##### Input #####
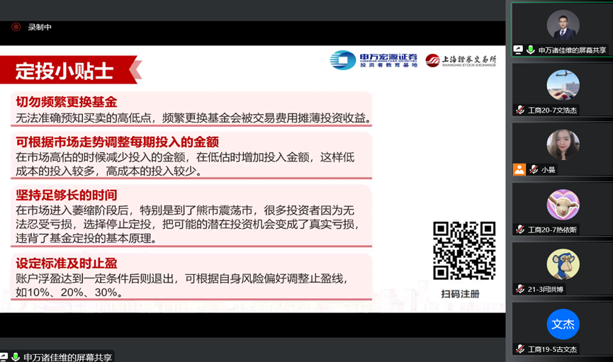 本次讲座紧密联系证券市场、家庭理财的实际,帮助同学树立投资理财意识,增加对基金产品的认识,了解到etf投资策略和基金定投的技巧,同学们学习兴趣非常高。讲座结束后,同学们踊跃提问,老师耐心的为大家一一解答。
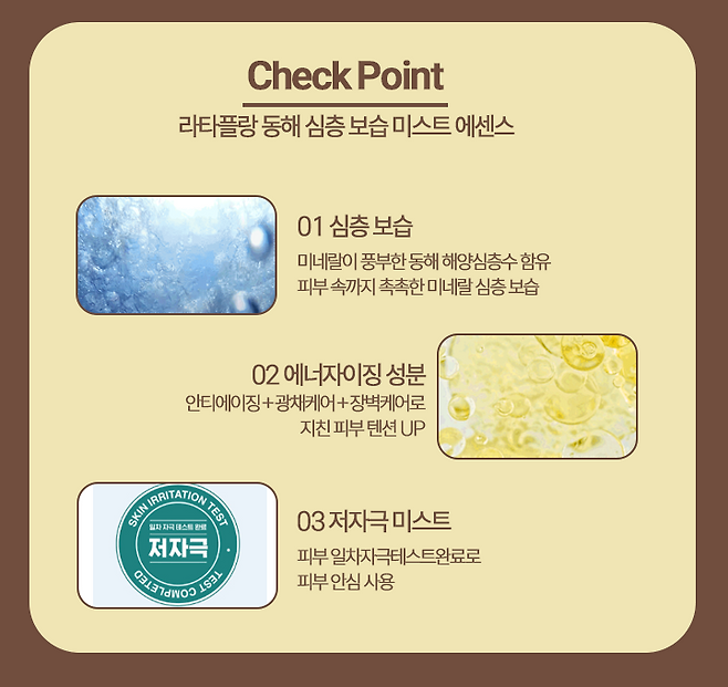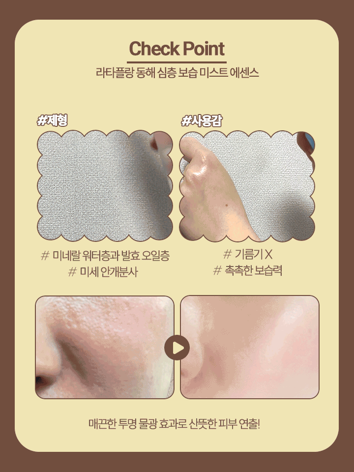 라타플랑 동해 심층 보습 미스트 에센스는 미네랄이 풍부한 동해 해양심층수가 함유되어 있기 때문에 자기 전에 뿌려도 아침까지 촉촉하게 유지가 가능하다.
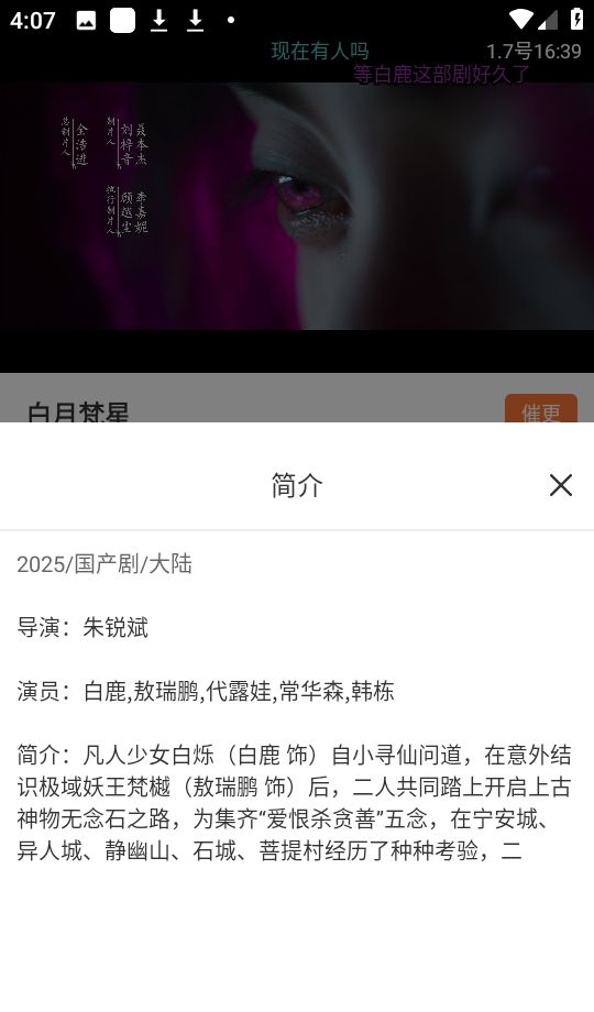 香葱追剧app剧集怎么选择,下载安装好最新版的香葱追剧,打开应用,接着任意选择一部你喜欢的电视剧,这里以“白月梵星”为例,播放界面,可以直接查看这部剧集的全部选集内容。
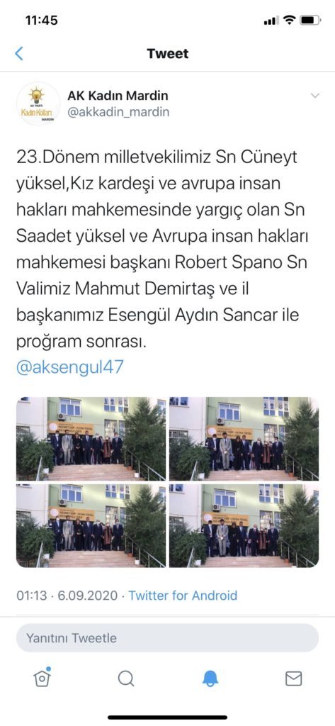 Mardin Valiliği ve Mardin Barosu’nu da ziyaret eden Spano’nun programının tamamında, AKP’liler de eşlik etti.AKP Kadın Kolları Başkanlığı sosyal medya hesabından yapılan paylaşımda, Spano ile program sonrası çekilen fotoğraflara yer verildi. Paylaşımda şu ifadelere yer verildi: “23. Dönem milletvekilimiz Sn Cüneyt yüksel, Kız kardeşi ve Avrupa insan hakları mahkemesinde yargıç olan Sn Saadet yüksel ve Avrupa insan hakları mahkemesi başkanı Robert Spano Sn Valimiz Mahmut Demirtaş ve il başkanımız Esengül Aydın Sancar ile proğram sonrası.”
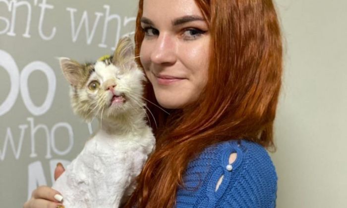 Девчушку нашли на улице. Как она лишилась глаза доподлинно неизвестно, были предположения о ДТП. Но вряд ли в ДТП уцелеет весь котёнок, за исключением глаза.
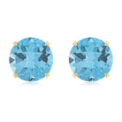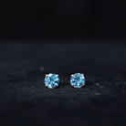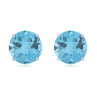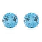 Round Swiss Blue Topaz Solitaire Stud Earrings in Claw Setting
#####
##### Input #####
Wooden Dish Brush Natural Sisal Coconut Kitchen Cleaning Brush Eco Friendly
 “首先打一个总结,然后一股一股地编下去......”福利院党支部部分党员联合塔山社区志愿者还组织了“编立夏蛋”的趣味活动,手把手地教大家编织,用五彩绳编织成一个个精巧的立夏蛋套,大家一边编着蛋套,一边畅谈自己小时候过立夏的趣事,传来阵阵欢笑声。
#####
What is required — Starting with the line above that holds "本次讲座紧密联系证券市场、家", restate each line word for word up to and including the line that holds "香葱追剧app剧集怎么选择,下载安装好最". Drop the pictures.

Reply —
 本次讲座紧密联系证券市场、家庭理财的实际,帮助同学树立投资理财意识,增加对基金产品的认识,了解到etf投资策略和基金定投的技巧,同学们学习兴趣非常高。讲座结束后,同学们踊跃提问,老师耐心的为大家一一解答。
 라타플랑 동해 심층 보습 미스트 에센스는 미네랄이 풍부한 동해 해양심층수가 함유되어 있기 때문에 자기 전에 뿌려도 아침까지 촉촉하게 유지가 가능하다.
 香葱追剧app剧集怎么选择,下载安装好最新版的香葱追剧,打开应用,接着任意选择一部你喜欢的电视剧,这里以“白月梵星”为例,播放界面,可以直接查看这部剧集的全部选集内容。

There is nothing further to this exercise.